According to Hennessy, her group’s goal is safe access for patients, and as long as they’re getting their products from a medical cannabis dispensary, they’re safe.
Boyack said that cautioning others not to vape THC “makes it sound as if THC were the reason for the person’s fatality — by suggesting that the individual had recently used THC and that there was a THC product found in the individual’s room, while in the same breath saying that the person died.”
Such inferences are “especially concerning,” Boyack said, as THC has not been determined as a cause of the illnesses. Additionally, THC can remain in one’s body for a month or more after they use it, he said.
“For example, if a person has THC, let’s say the person used cannabis two weeks ago and then last night they fell asleep at the wheel and ran off a cliff and fell and died, you would be able to run that person’s blood analysis and say, ‘Oh my gosh, they had THC. Therefore, they were impaired and no one should use THC anymore because these car fatalities, or this single car fatality,’” he said.
Boyack said it “seems disingenuous to blame THC” without offering evidence.
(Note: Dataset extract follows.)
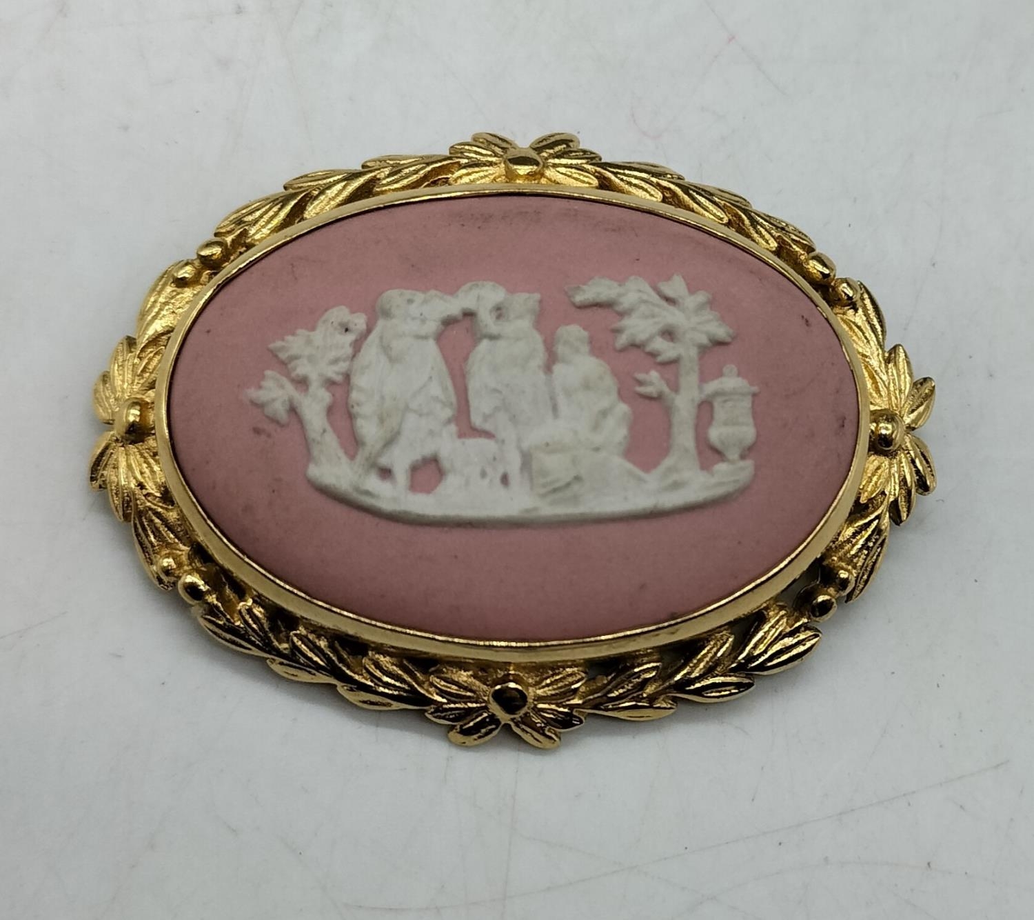 Wedgwood Pink Jasper Brooch. 5cm x 3.5cm.

Instead, he said, health officials should wait until they know exactly which product is causing the illness before targeting any product.
For advocates, the vaping scare might bode ill ahead of the upcoming legislative session, when Utah lawmakers will again take a look at the state’s medical marijuana law, HB3001.
Sponsor Senate Majority Leader Evan Vickers, R-Cedar City, said he expects the vaping issue to come up during the session.
“I know that the patients coalition and some others have indicated that vaping is an effective way to administer the medication. But then we’ve also got this challenge, of the troubling aspect of what’s going on with vaping across the country right now,” he explained.
Vickers also said that he understands many of the products that have caused the illness are believed to have been purchased from the black market. Legislators will need to see more data before deciding to remove legal vaping of cannabis from the law, he said.
“Right now it’s kind of an emotional thing, and I don’t really think it’s a good thing to make a decision based on emotion. We should make a decision based on concrete data and medical value,” Vickers said.
On Thursday, Sen. Mitt Romney, R-Utah, also announced he’s sponsoring legislation to ban flavored e-cigarettes and tax vaping products like regular cigarettes to fund a public awareness campaign about the dangers of vaping. He also sponsored a bill to prohibit the sale of tobacco products, including e-cigarettes, to anyone under 21 nationwide.